В понедельник Лев пришел, как обычно, давать очередной урок. В гостиной его уже ждали – ученица стояла у окна. Он вошел и остановился, точно прирос к полу: такой Кассию он еще никогда не видел. На ней была очень нарядная темно-синяя шелковая туника, расшитая серебром и искусно, так что было хорошо видно фигуру, препоясанная широким серебряным плетеным поясом с кисточками из жемчужных нитей; вместо мафория – только серебристая повязка вокруг головы, тоже украшенная жемчугом; толстая коса, перекинутая на грудь, была переплетена серебряной лентой. Когда он вошел, Кассия поздоровалась, сделала два шага к нему и остановилась. Глаза девушки странно блестели, точно ее лихорадило, на щеках играл румянец. Она явно забавлялась его изумлением и в то же время делала вид, что ничего необычного не происходит. Никогда еще она не казалось ему такой красивой. Но что означала ее выходка?.. Лев был в смятении. Он знал, что не должен смотреть, но то и дело устремлял на нее глаза – и почти каждый раз встречал ее взгляд, в котором сверкал какой-то вызов. «Я погиб! – подумал он. – Неужели она... хочет меня соблазнить?» Эта мысль показалась ему невероятной и постыдно-дерзкой; он тут же отругал себя за нее. А может, она поняла, что он к ней неравнодушен... и решила его испытать?.. Жестоко с ее стороны! Но он всё равно должен выдержать!
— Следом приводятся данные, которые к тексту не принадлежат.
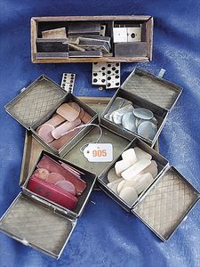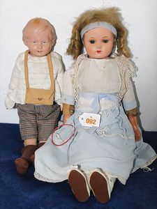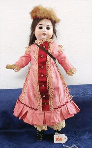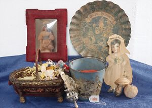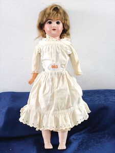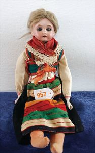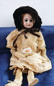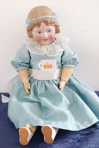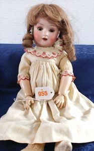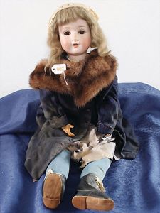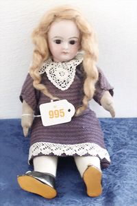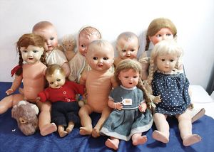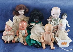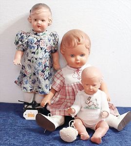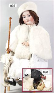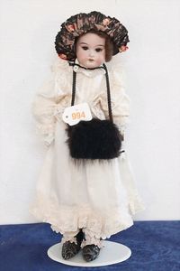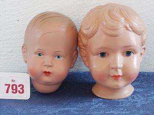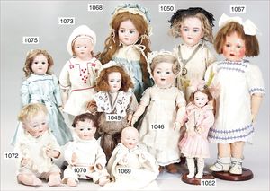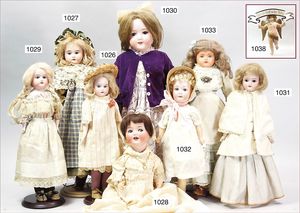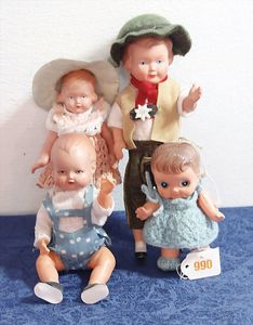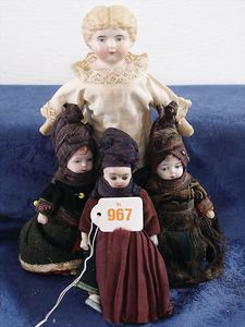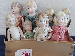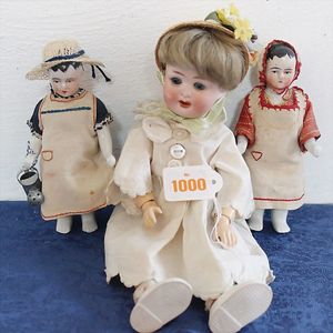 3 kl. Porzellan-Puppen, 1 x Gebr. Kühnlenz, fest eingesetzte Glasaugen, off. Mund, Zähne, Echthaarperücke, Masse-Stehkörper, 15 cm, 1 x gemarkt 155/5, braune Schlafaugen, off. Mund, Zähne, Mohairperücke, Masse-Stehkörper, 18 cm, 1 x gemarkt Germany 390, braune fest eingesetzte Glasaugen, Mohairperücke, Masse-Stehkörper, alle mit anmodellierten Schuhen u. Strümpfen, 15 cm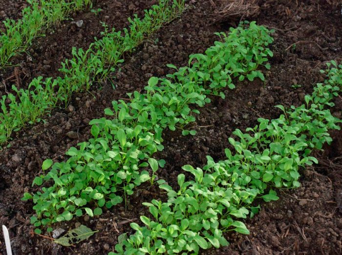siew materiału siewnego odbywa się w rowkach, których głębokość nie powinna być większa niż 0,5–1 centymetra, podczas gdy odległość między rzędami powinna wynosić od 10 do 20 centymetrów. Sadzonki rzeżuchy są w stanie tolerować spadek temperatury do minus 5 stopni, więc nie trzeba się martwić, że zamarzną.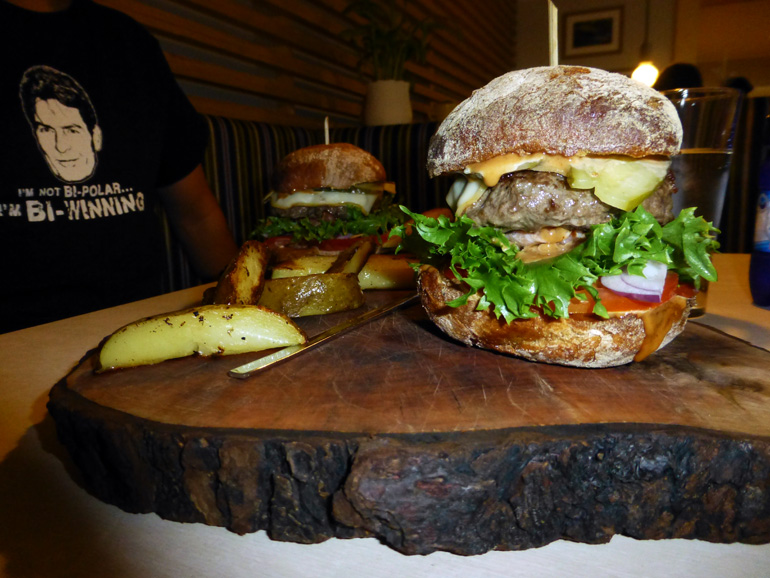 Las hamburguesas del restaurante Mosaiik están cocinadas en el horno de piedra y servidas con patatas gajo. Además, cuidan mucho la presentación, pues en lugar de servirlas en platos, lo hacen en trozos de tronco de árbol, lo que potencia aún más ese sabor a horno de leña (aunque solo sea psicológico).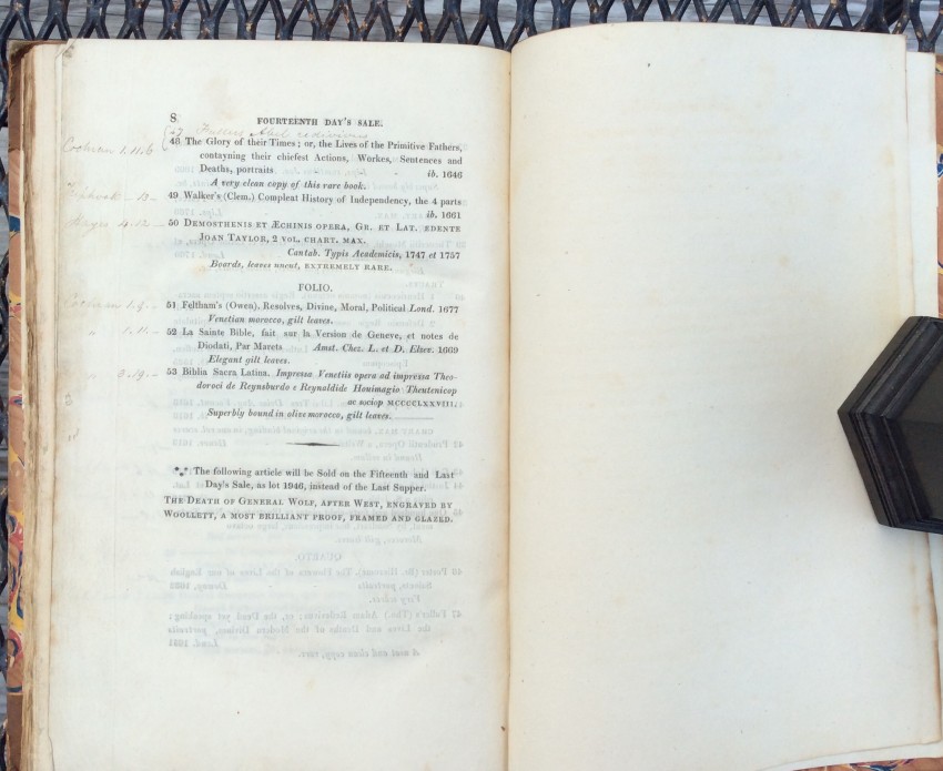 2 parts in one volume, octavo. Text listing 1948 lots in the main catalogue and a further 53 in the supplement, manuscript pricing and buyer's names throughout.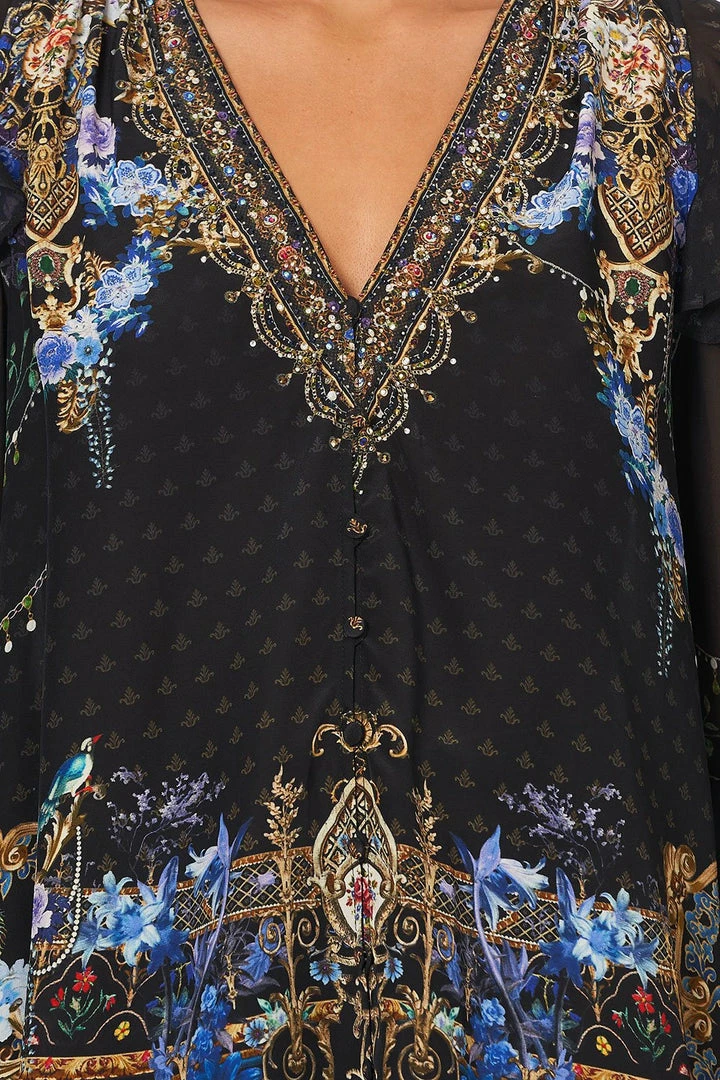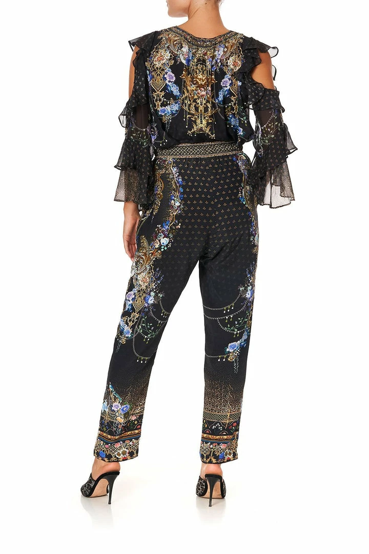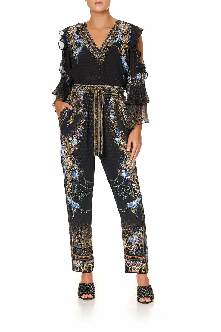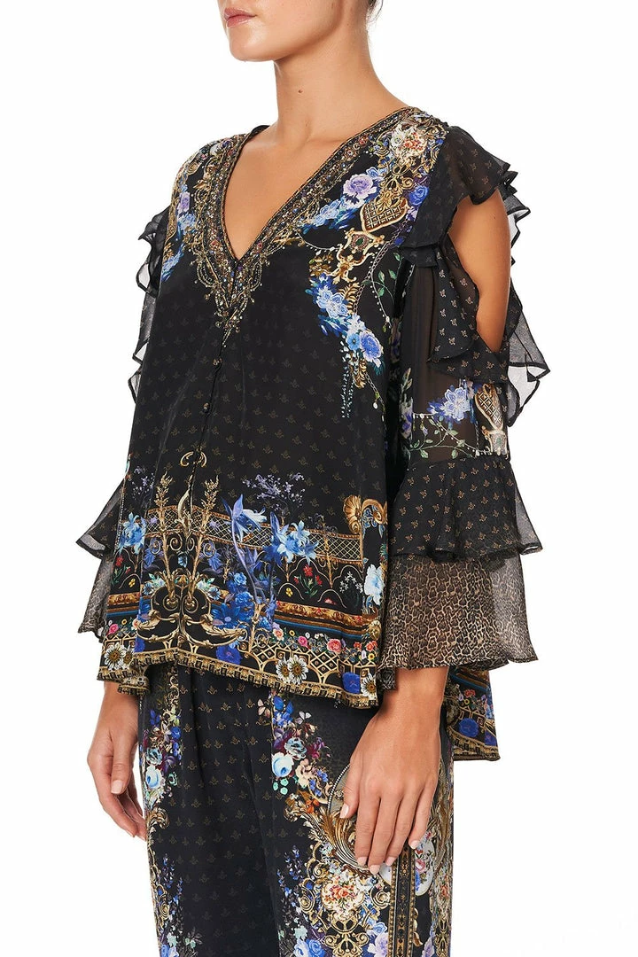 A flamboyant superabundance of Baroque motifs decorates the Palace Playhouse Ruffle Cold Shoulder Blouse. Inspired by the grandeur of a stately residence, this black CAMILLA silk shirt is accented with gilded architectural details intermingled with bright botanicals and subtle animal highlights. Cut in a relaxed fit, this silk top is finished with a button front close, V neck and flared cold shoulder sleeves, adorned with decadent flared layers. Style back with the Palace Playhouse Drop Crotch Slim Leg Pant for exuberant drama.

Он принял деловой вид, уселся, как обычно, за стол и сказал, что сегодня расскажет о сопоставлении христианского учения с учением эллинских философов на примере «Стромат» святого Климента и отчасти об аллегорическом толковании некоторых мифов...

– Аллегории? – перебила его Кассия. – Вот это кстати, господин Лев! Мне тут по случаю попалась одна книга... Она не философская, а просто про жизнь и... очень мирская по духу. Мне бы вот хотелось узнать, можно ли ее истолковать аллегорически?

– Почему же нельзя? Всё можно истолковать аллегорически.

– Очень хорошо. Давай тогда сегодня устроим внеплановое чтение. Ты не будешь против?

– Нет, отчего же.

Она встала, взяла с подоконника какую-то книгу, раскрыла и положила перед учителем. «Ахилла Татия, Повесть о Левкиппе», – прочел Лев.

– Читать с начала, госпожа?

– Да, – Кассия снова уселась в кресло, чуть наклонившись вбок и опершись локтем на ручку; другой рукой она теребила свою косу.

Чтение сразу увлекло Льва. Книга была ему незнакома, и это разжигало интерес; изящество же слога повести поразило его. Он уже было обрадовался такому «внеплановому чтению», надеясь хоть немного отвлечься от страстных мыслей, но радость эта была очень недолгой. Прочтя слова Клитофонта по поводу «таинств» Эрота: «Ты вызываешь своим вопросом целый сонм рассказов, похожих на сказки», Лев вздрогнул: «Любовная повесть? Значит, она это нарочно? Значит... Боже мой, что же мне делать?..»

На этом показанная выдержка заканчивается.